En todos mis años de abogado nunca había vivido nada igual.

No entendía qué ocurría.

—¿Qué ha pasado? —pregunté.

—Acabo de salir del archivo municipal de Munich, donde me he reunido con el director, y no te vas a creer lo que ha conseguido rescatar, Deborah, la verdad es que todavía estoy algo aturdido. Qué historia más increíble...

Lo oía gritar por el móvil a través del viento y la lluvia, la voz le temblaba de emoción.

—¡No te entiendo! ¿Qué historia, Moris? —Las repentinas notas agudas de mi voz hicieron que mi amiga me mirara con inquietud. «¿Va todo bien?», parecían preguntar sus cejas arqueadas. Le contesté con un gesto que significaba: «No tengo ni idea».

Moris se metió en su coche y cerró la puerta, y entonces su voz sonó más tranquila y clara.

—Bueno, Deborah, el motivo de que no aparezca ningún padre en la partida de nacimiento de tu bisabuelo ni ningún marido en la información sobre Regina es que no estaba casada. Tu bisabuelo fue un hijo ilegítimo.

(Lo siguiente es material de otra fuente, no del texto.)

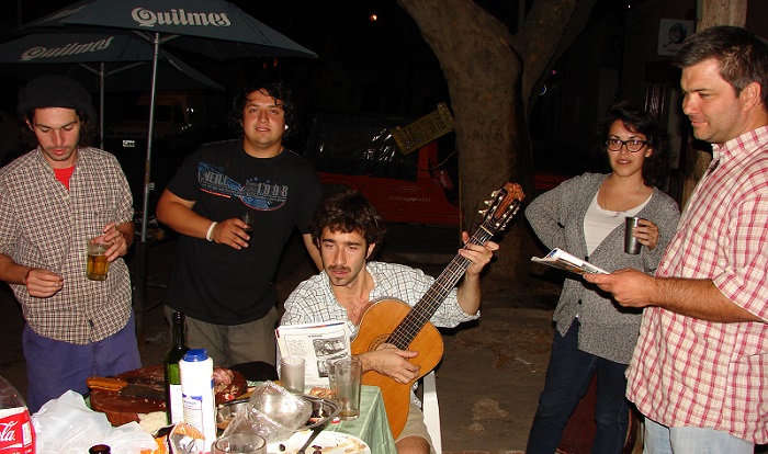Se armó el bailongo y los responsables en dar los primeros pasos fueron Chantire y Alejandra Soledad Castro.Como postre del encuentro, una guitarreada a cargo de Nicolás Sosa Baccarelli.Germán "Paila" Peña, músico de La Vaina de Shuan y dueño del Willy´s Bar, junto a Juan Manuel Muñiz, Osvaldo y su hijo. Mocho, Pepe Agustín y Alejandro CivitLuis Micheletti disfruta del talento musical de Baccarelli, observado también por Juan Manuel y el hijo del Mocho.Alberto Cabanillas es escuchado por Cacho Chantire, un vecino histórico de Chacras de Coria. Mocho y Micheletti muestran las delicias parrilleras.
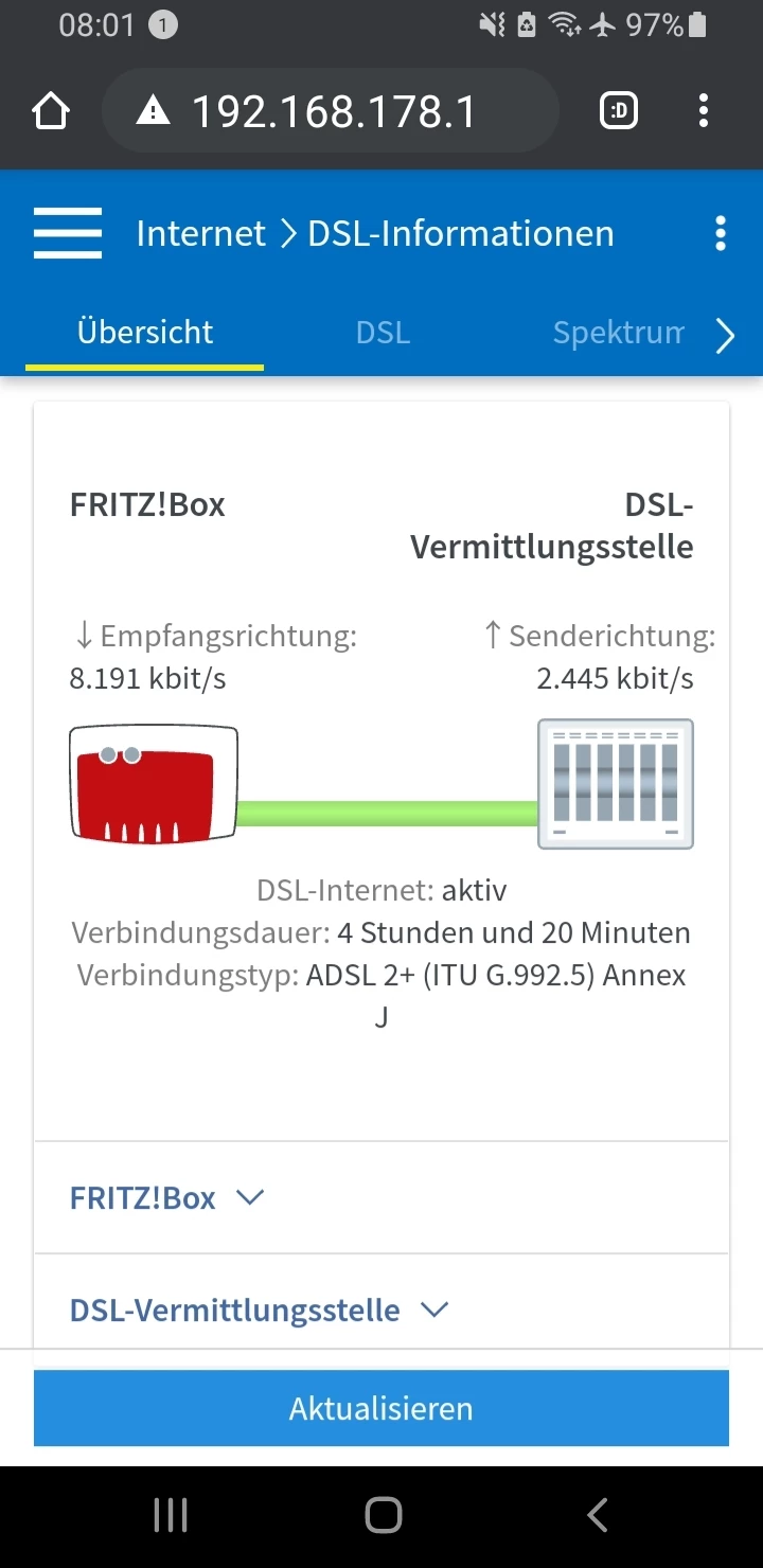 auf dem Reiter Internet/DSL sollte stehen auf welcher Technologie du bist

Me quedé sin respiración. Eso, de por sí, era una noticia significativa. Un hijo ilegítimo, un bastardo, era algo inaudito en mi comunidad, aunque teníamos una palabra para ello: mamzer. Técnicamente, el término se aplica solo a los hijos de uniones prohibidas, lo que no era el caso que nos ocupaba; según la interpretación bíblica estricta, una judía soltera no puede dar a luz a un mamzer a menos que tenga una relación incestuosa. Sin embargo, desde luego mi comunidad llevaba esa interpretación mucho más allá. Ser un mamzer era lo peor que podía pasarle a alguien, porque quedaba excluido de la nación judía a perpetuidad, así como todos sus descendientes. Solo podía casarse con otros hijos ilegítimos, pero las diez generaciones siguientes heredarían su impureza, así que en realidad duraba hasta el final de los tiempos. En mi comunidad me habían advertido que, como mujer, si no lograba estar a la altura de las leyes maritales de pureza con la excelencia que se me exigía, mis hijos podían ser calificados de mamzerim por mucho que yo estuviera casada según la ley religiosa. Y esa amenaza funcionaba, porque era el peor destino que uno podía imaginar para sus hijos: una mancha eterna de impureza. Aunque el destino de tu alma no quedara decidido de forma permanente, sin duda el estigma asociado con el menor rastro de duda en cuanto a la pureza de tu nacimiento era algo que no solo te perseguiría a ti de por vida, sino a más gente a lo largo de muchas vidas. En el mundo en el que me crie, escándalos como esos eran imposibles de digerir, dijeran lo que dijesen los textos bíblicos al respecto; eran la prueba de la influencia inaceptable de la contaminación, un ataque a la integridad espiritual de nuestro mundo.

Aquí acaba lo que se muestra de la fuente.